We learn from the account of the near-sacrifice of Isaac that one cannot question G-d. G-d is so beyond our understanding, so above our puny minds, that to hold him to our logic and value-systems is the highest effrontery and chutzpah. Yet at the beginning of this very same parshah, we find just the opposite: G-d tells Abraham that He is going to destroy the wicked cities of Sodom and Ammorra, and Abraham declares that if there be but ten righteous individuals in these cities, then Sodom and Ammorra should be totally spared! This is amazing! For Sodom and Ammorra, those vicious, perverted, sinful cities, Abraham confronts G-d with his own sense of morality, but for his own son’s life he does not express a peep of incredulity!

So which is it? Do we say that we can hold G-d to our sense of logic and values, or do we say that G-d is so beyond our understanding that it is audacious for us to do so?

G-d’s Descent

Rav Shimon Schwab, zt”l, gives a brilliant answer to this quandary which is again a key to understanding several accounts of the Bible.

The truth is that technically G-d’s thoughts are beyond us. The deepest, most complex, and even most beyond-us kinds of thoughts are elementary to His mind. His thoughts are way above ours, and it is foolish to hold Him to ours. However, there are times when He reveals that He desires to descend to our level of understanding, when He wants us to understand him according to our perception of logic and morality. And this is indicated when He reveals to a prophet that He is “descending” into our realm of thought.

When G-d told Abraham about Sodom and Ammorra, He said that He is now “going down to see” the situation:

I will now go down and see if they did as [the cities’] cry of destruction coming to me…

This was Abraham’s cue that Hashem desired Abraham to understand His actions according to his world of thought. But when G-d told Abraham to sacrifice his son, it does not say this. Nor when G-d told Abraham to exile in son Ishmael from his home.

Likewise, when G-d appeared to Moses in the Burning Bush, He declares that He is “coming down” to save the Israelites from the Egyptians.
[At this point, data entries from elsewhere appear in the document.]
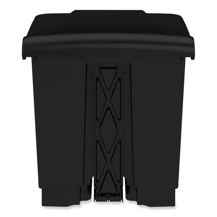 Plastic Step-On Receptacle, 8 gal, Metal, Black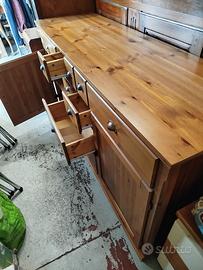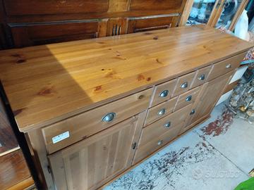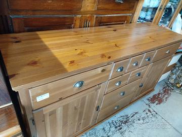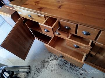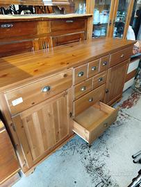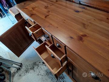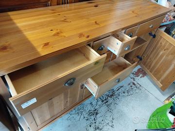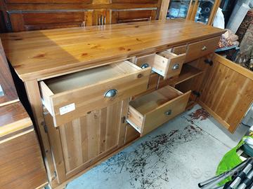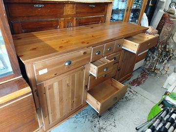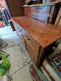 Credenza stile rustico in legno di rovere con due ante, quattro cassetti e cinque cassettini. Misure: (165 x 50 h. 90) Ottime condizioni!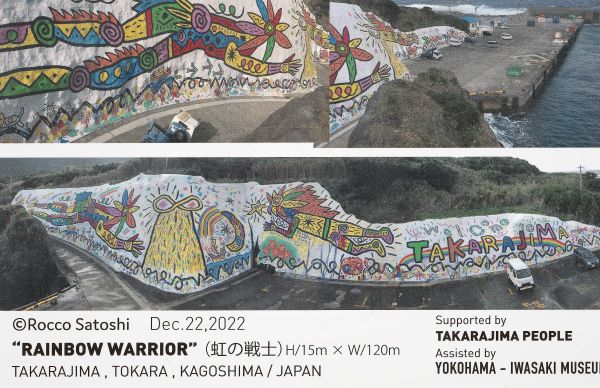 ロコさんは、この68世帯131人(2018年3月末現在)が暮らす小島で、昨年(2022年)10月から12月まで、子どもも含む島民たちと一緒に、島の歴史や生活を織り込んだ巨大な壁画を制作していた。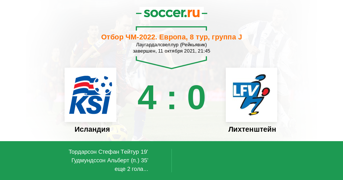 Протокол матча Исландия против Лихтенштейн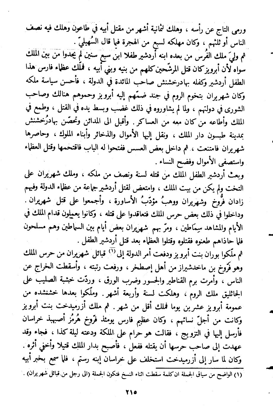 ثم ملّكوا بوران بنت أبرويز ودفعت أمير الدولة إلى [1] قبائل شهريران من حرس الملك وهو فرّوخ بن ماخد شيراز من أهل إصطخر، ورفعت رتبته، وأسقطت الخراج عن الناس، وأمرت برم القناطير والجسور وضرب الورق، وردّت خشبة الصليب على الجاثليق ملك الروم، وهلكت لسنة وأربعة أشهر. وملّكوا بعدها خشنشده من عمومة أبرويز عشرين يوما فملك أقل من شهر. ثم ملك أزرميدخت بنت أبرويز وكانت من أجلّ نسائهم، وكان عظيم فارس يومئذ فرّوخ هرمز أصبهبذ خراسان فأرسل إليها في التزويج، فقالت هو حرام على الملكة ودعته ليلة كذا، فجاء وقد عهدت إلى صاحب حرسها أن يقتله ففعل، فأصبح بدار الملك قتيلا وأخفي أثره.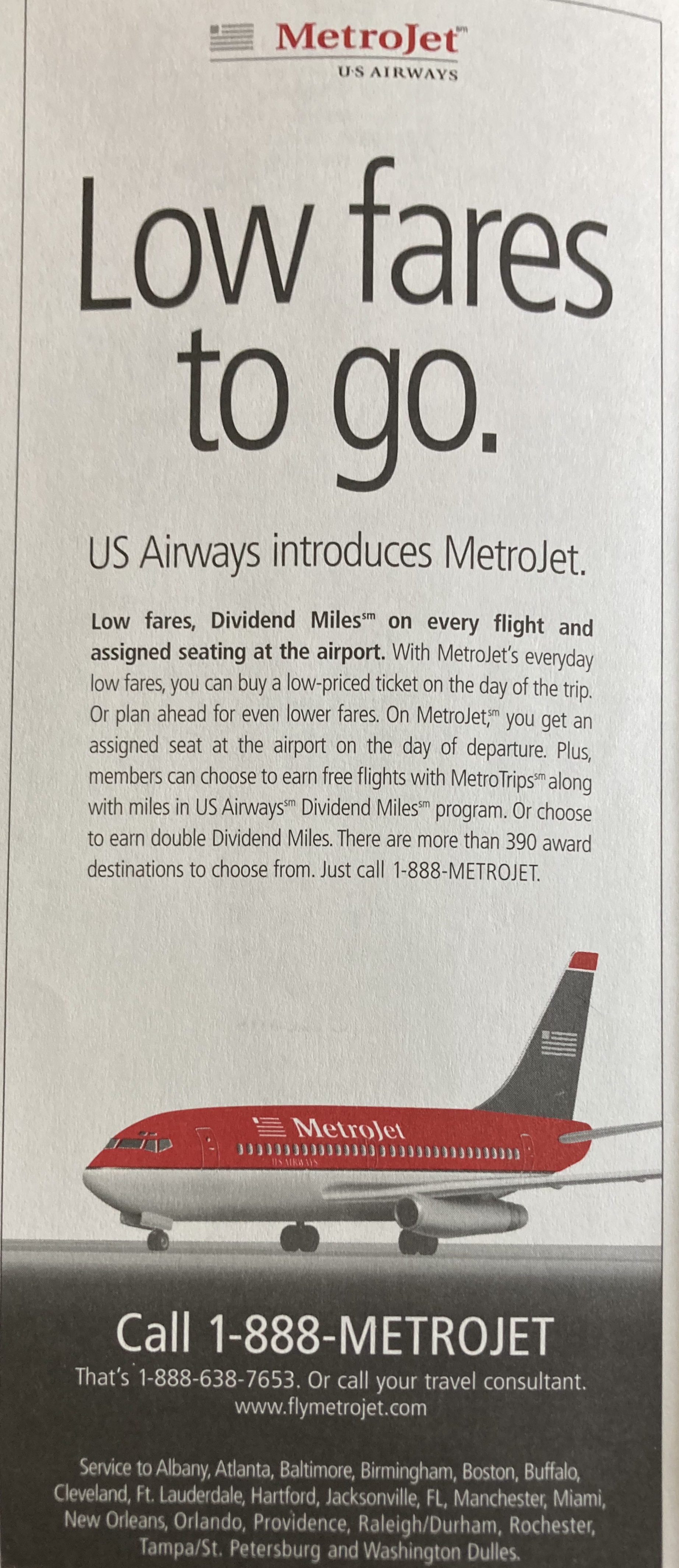 After rebranding as US Airways in 1997 in an attempt to look a more global carrier, the airline launched MetroJet in 1998, a low cost single-class service that would link large east coast cities. The initial focus was fighting Southwest in Baltimore.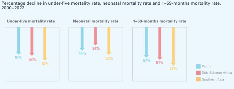 Trots dessa framsteg dog uppskattningsvis 4,9 miljoner barn under fem Är under 2022, varav 2,3 miljoner under sin första levnadsmÄnad. Dessa dödsfall beror ofta komplikationer i samband med förlossning och för tidig födsel, som kan hanteras om det finns fungerande vÄrd.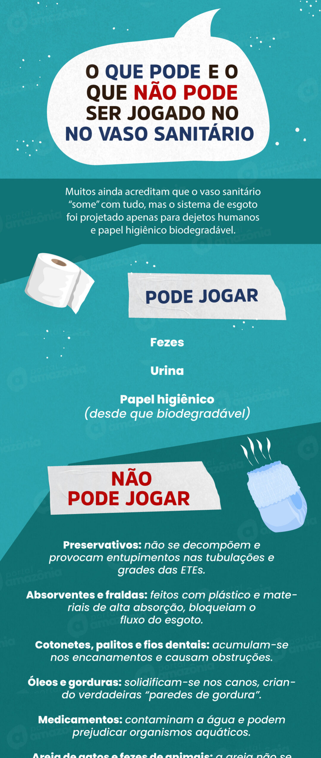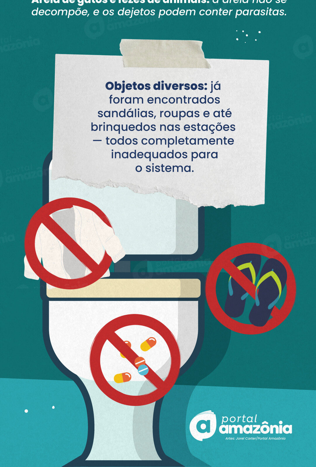 Além do impacto doméstico, o descarte incorreto afeta diretamente os igarapés e rios, que recebem parte da água tratada. Qualquer falha no sistema pode comprometer a fauna e a flora aquática, essenciais para o equilíbrio ambiental da Amazônia, alerta a empresa.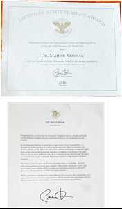 Prof. Dr. Madhu Krishan’s remarkable achievements include the prestigious ” US President’s LIFE TIME ACHIEVEMENT AWARD 2016 ” received from former Hon’ble President of USA Mr. Barack Obama, a testament to their extraordinary dedication and outstanding contributions to the cause of global peace and human excellence. Let us unite in a thunderous applause to recognize and celebrate Prof. Dr. Madhu Krishan’s invaluable contributions towards fostering a more peaceful world as a role model for World Peace .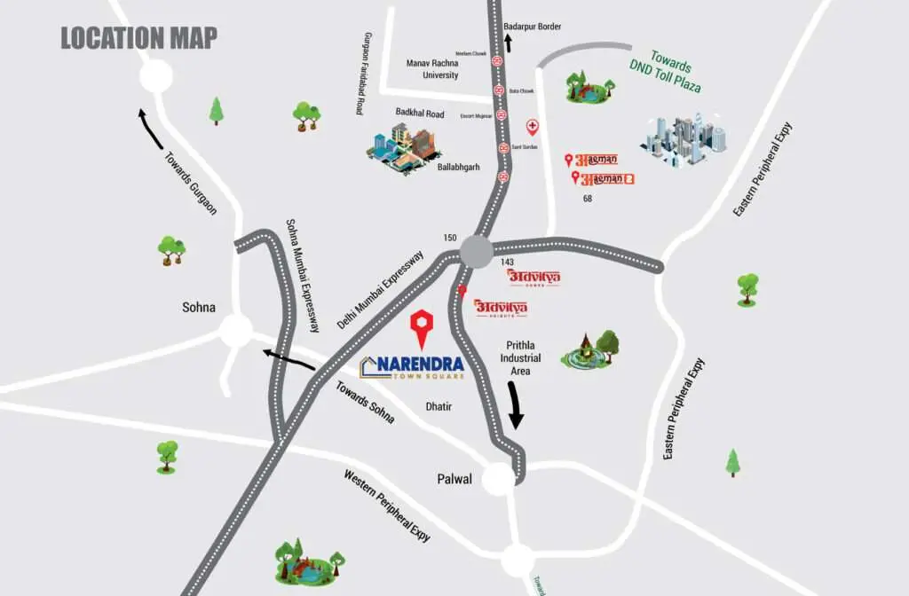 Discover unparalleled living and investment opportunities at Narendra Town Square and Advitya Plots, developed by Narendra Infra (part of the Shivalik/Advitya Group). Located in the coveted Sector 6, Prithla, South Faridabad, these projects offer luxurious yet affordable residential plots under the Deen Dayal Jan Awas Yojana (DDJAY-2016).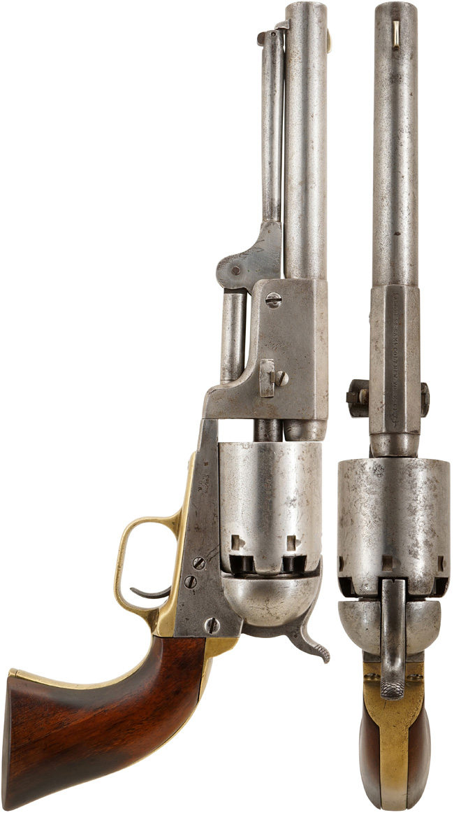 前身となったコルト ウォーカー (ウォーカー・コルト) リボルバーは、サミュエル・コルトがテキサス・レンジャーのサミュエル ・ハミルトン・ウォーカー大尉からの書簡による依頼に基づいて、コルト パターソン リボルバーの設計を基に1846年に開発した、.44口径 6連発の軍用リボルバーです。 コルト ウォーカー リボルバーは、1847年に約1,100挺のみが製造されましたが、その内約1,000挺が米国戦争省からの受注であり、他に約100挺が民間市場向けとして生産されました。 コルト社は軍との契約を履行する為、イーライ・ホイットニー社に生産を委託しました。 コルト ウォーカーのシリンダーにはウォーカーの叙述に基づき、「ウォーカーズ・クリークの戦い」と呼ばれる1844年に発生したテキサス・レンジャーとインディアンの戦闘場面が入っていました。 この戦闘は、テキサス・レンジャーの部隊全体がコルト製リボルバーを戦闘で使用した最初の事例として知られています。 コルト ウォーカーは当時としては非常に強力なリボルバーでしたが、極めて大型かつ重量が重かった点に加え、シリンダーの破裂事故の頻発やローディング・レバーの固定機構が不十分であるといった欠点がありました。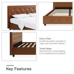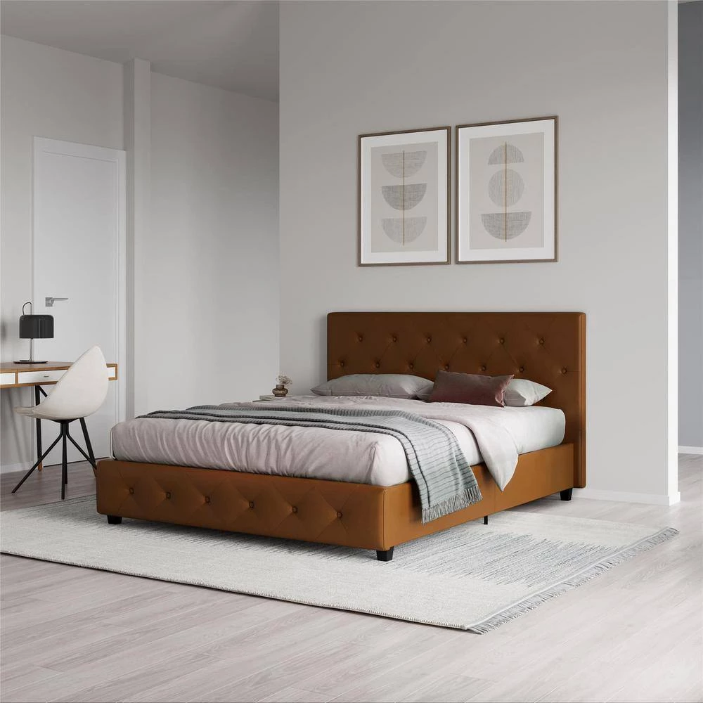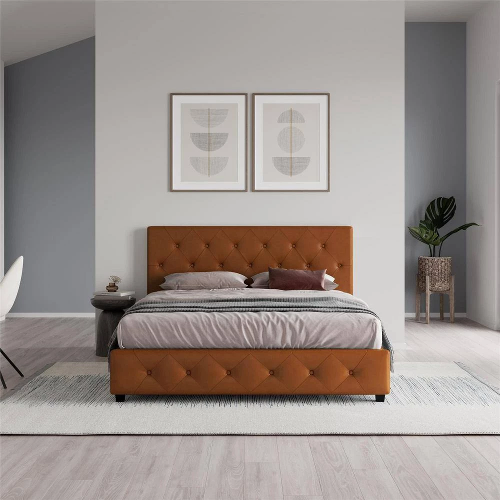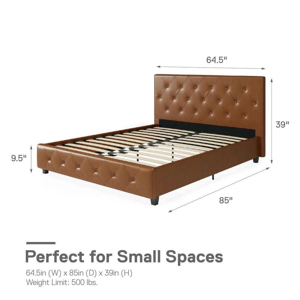 Style up your bedroom with the DHP Dean Upholstered Bed. With an elegant headboard that features diamond button tufted detailing, this bed radiates a contemporary chic look. Upholstered in faux leather with padding for extra comfort, the Dean is designed to infuse style and comfort into your room decor. It is built with solid wooden slats for extra support and does not require a box spring. This exquisite bed will give you the style and luxury you are looking for.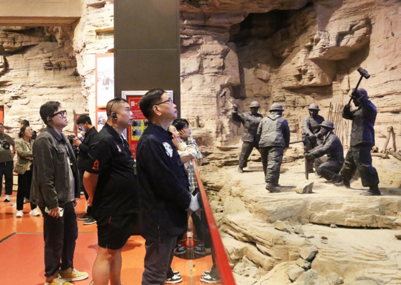 離開(kāi)展廳,參訪團(tuán)向著青年洞進(jìn)發(fā)。仰望峭壁,只見(jiàn)洞口鐫刻的“青年洞”三字,蒼勁有力!斑@是一個(gè)奇跡。”來(lái)自臺(tái)灣的河先生扶著護(hù)欄,望著遠(yuǎn)處奔涌的渠水說(shuō),“站在這里,我可以想象當(dāng)年的艱險(xiǎn)。在那個(gè)年代,人們吃苦耐勞的精神讓我觸動(dòng),他們靠的不是工具,而是信念。這種精神跨越時(shí)空,值得今天的我們用心學(xué)習(xí)。”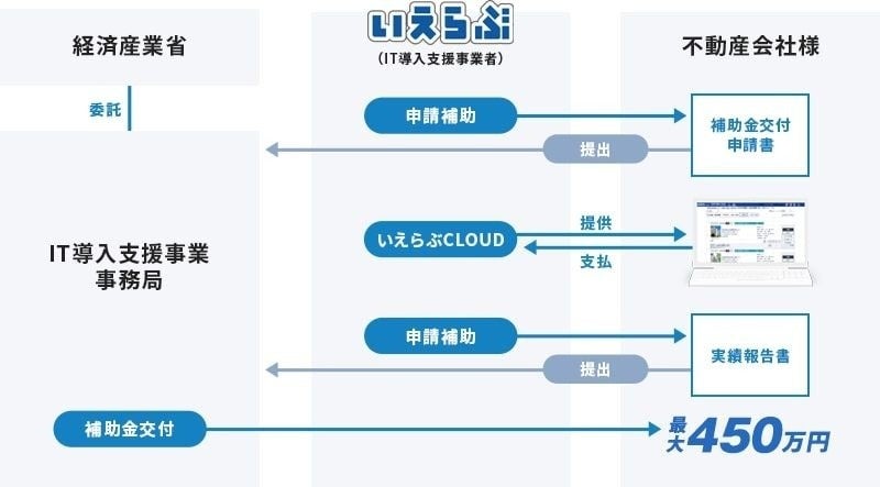 この認定により、一定の条件を満たす不動産事業者は「いえらぶCLOUD」を導入する際、最大で450万円の補助を受け取ることが可能になります。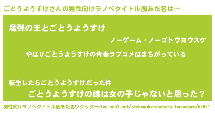 | 女子向けラノベタイトル風あだ名 | 『ごとうようすけの雑貨屋さん』 |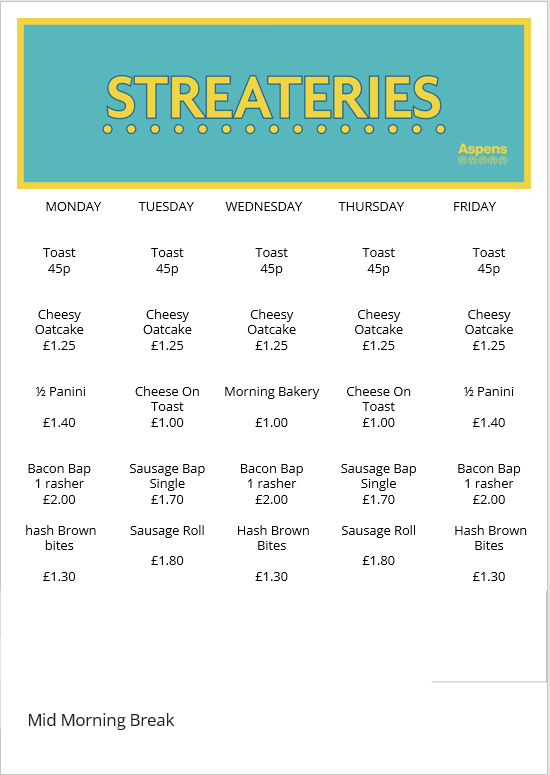At Aspens – we take our responsibility of catering for today’s children and young adults seriously. All of our dishes are prepared everyday using quality, fresh and seasonal ingredients that are responsibly sourced.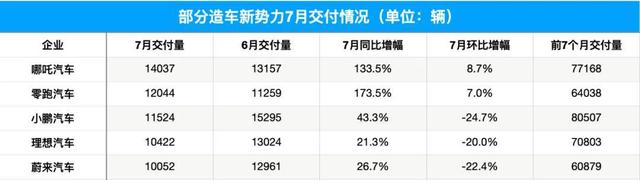 其中尽管蔚来7月交付新车10052台,同比增长26.7%,但和哪吒、零跑相比,显然不够看。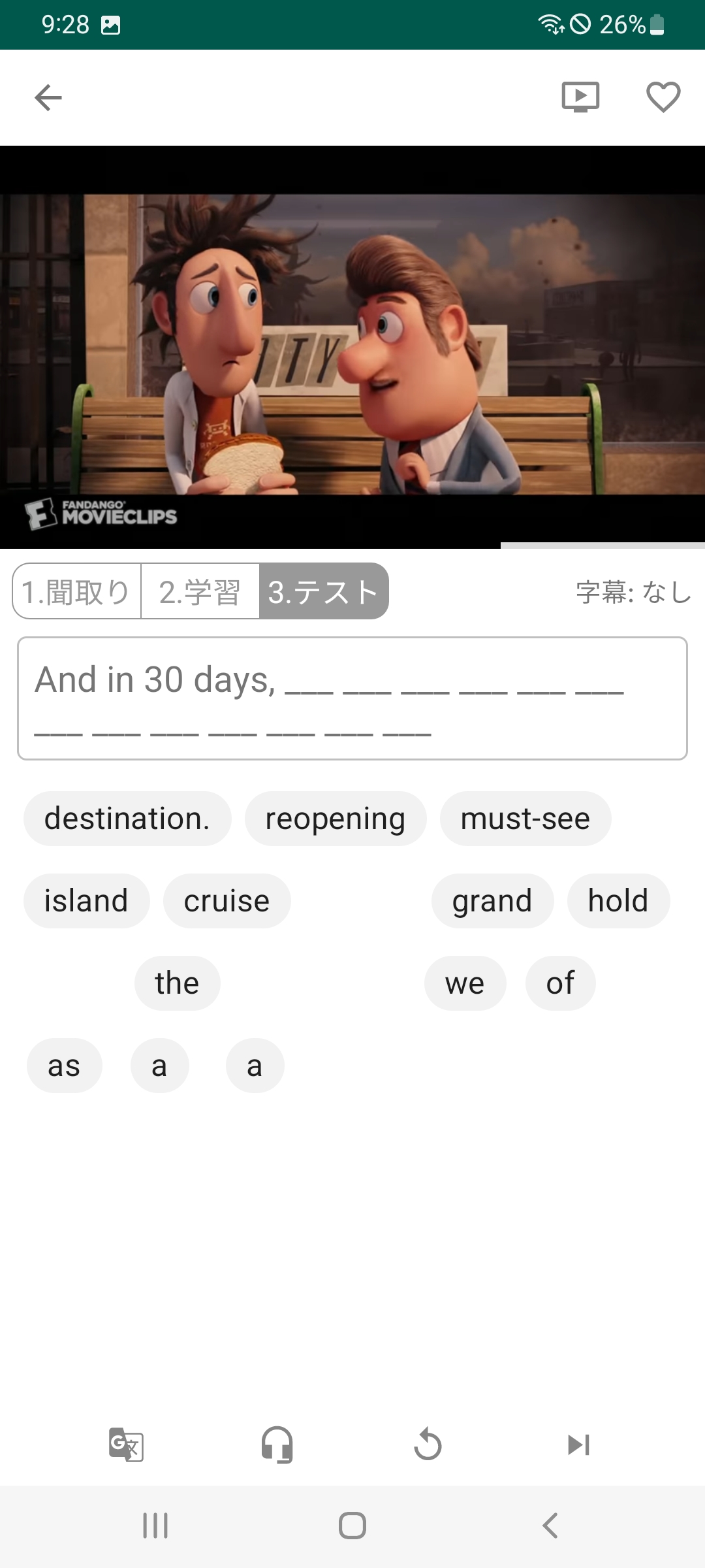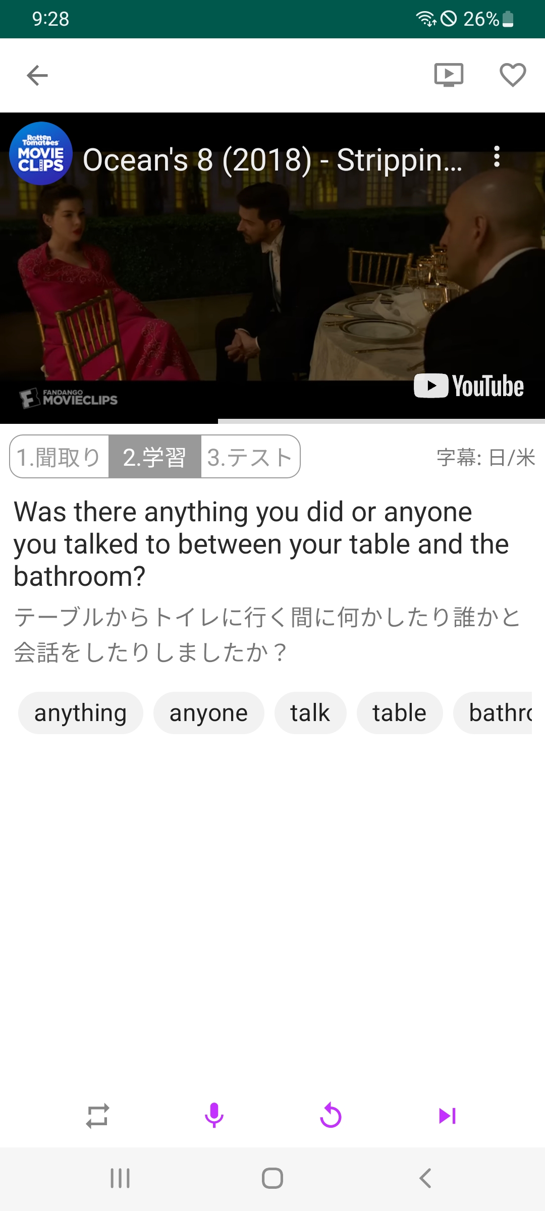 1 Video Everydayアプリは3段階の過程(聞き取り、学習、テスト)で学習するようになっていますが、2番目の学習モードに区間リピート機能があるので学習モードでディクテーションをされればいいです。

So when G-d then continues that Moses will be the one to confront Pharaoh, Moses is able to object that he is not suited for the job. And similarly, Moses is later able to complain that his dealings with Pharaoh had only made things worse, so why was he sent?

And this explains how we are able to learn Torah as we do. It is normal that when we learn the Torah, and here it says one thing, and there another, we come up with solutions to conform the contradictions, saying here it’s talking about this, and there it’s talking about that. How are we permitted to do this? So what, if we can’t understand G-d’s mind, and how both this and that can be true in their literal and unmodified senses? G-d’s thoughts are beyond us!

But the answer is that when G-d gave us the Torah, He declared that He is “coming down” on Mt. Sinai. He wants us to understand the Torah according to our realm of thought and logic. “Lo BaShammayim Hee,” it is not any longer in Heaven. It is subject to our world of time and space and logic.